= WHAT THE EXERCISE ASKS =
For the entries below, the expected answer is the line with "ACC6030 & ACC6032", the line with "New York School", and every line between them, exactly as written, and nothing more.

= INFORMATION SHOWN =
[Start of Attachment]
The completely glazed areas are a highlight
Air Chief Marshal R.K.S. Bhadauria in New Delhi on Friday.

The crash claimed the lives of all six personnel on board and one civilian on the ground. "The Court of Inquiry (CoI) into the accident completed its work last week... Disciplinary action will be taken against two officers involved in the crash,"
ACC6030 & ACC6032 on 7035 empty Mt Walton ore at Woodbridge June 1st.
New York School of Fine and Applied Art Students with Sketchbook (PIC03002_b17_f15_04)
[End of Attachment]
[Start of Attachment]
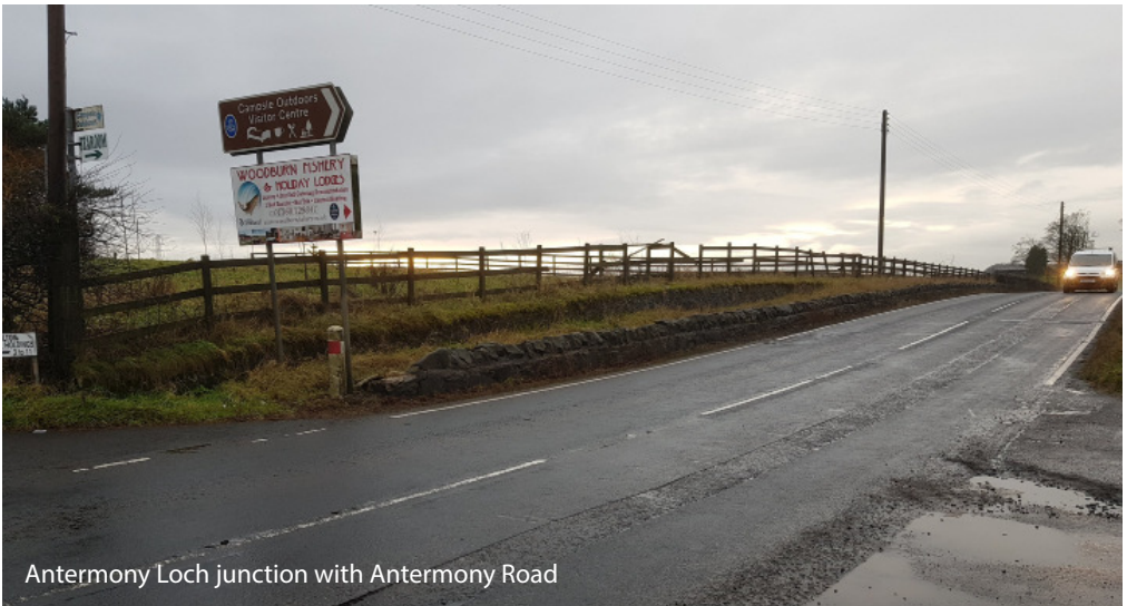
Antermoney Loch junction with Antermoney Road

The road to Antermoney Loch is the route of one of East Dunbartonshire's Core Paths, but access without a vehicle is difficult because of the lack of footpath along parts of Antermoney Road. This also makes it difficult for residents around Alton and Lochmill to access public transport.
[End of Attachment]
[Start of Attachment]
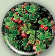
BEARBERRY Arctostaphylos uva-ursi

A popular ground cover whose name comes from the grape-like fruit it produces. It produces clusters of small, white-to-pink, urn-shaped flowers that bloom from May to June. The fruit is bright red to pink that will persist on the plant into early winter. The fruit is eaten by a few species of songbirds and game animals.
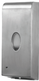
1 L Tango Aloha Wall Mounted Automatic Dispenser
[End of Attachment]
= THE ANSWER =
ACC6030 & ACC6032 on 7035 empty Mt Walton ore at Woodbridge June 1st.
New York School of Fine and Applied Art Students with Sketchbook (PIC03002_b17_f15_04)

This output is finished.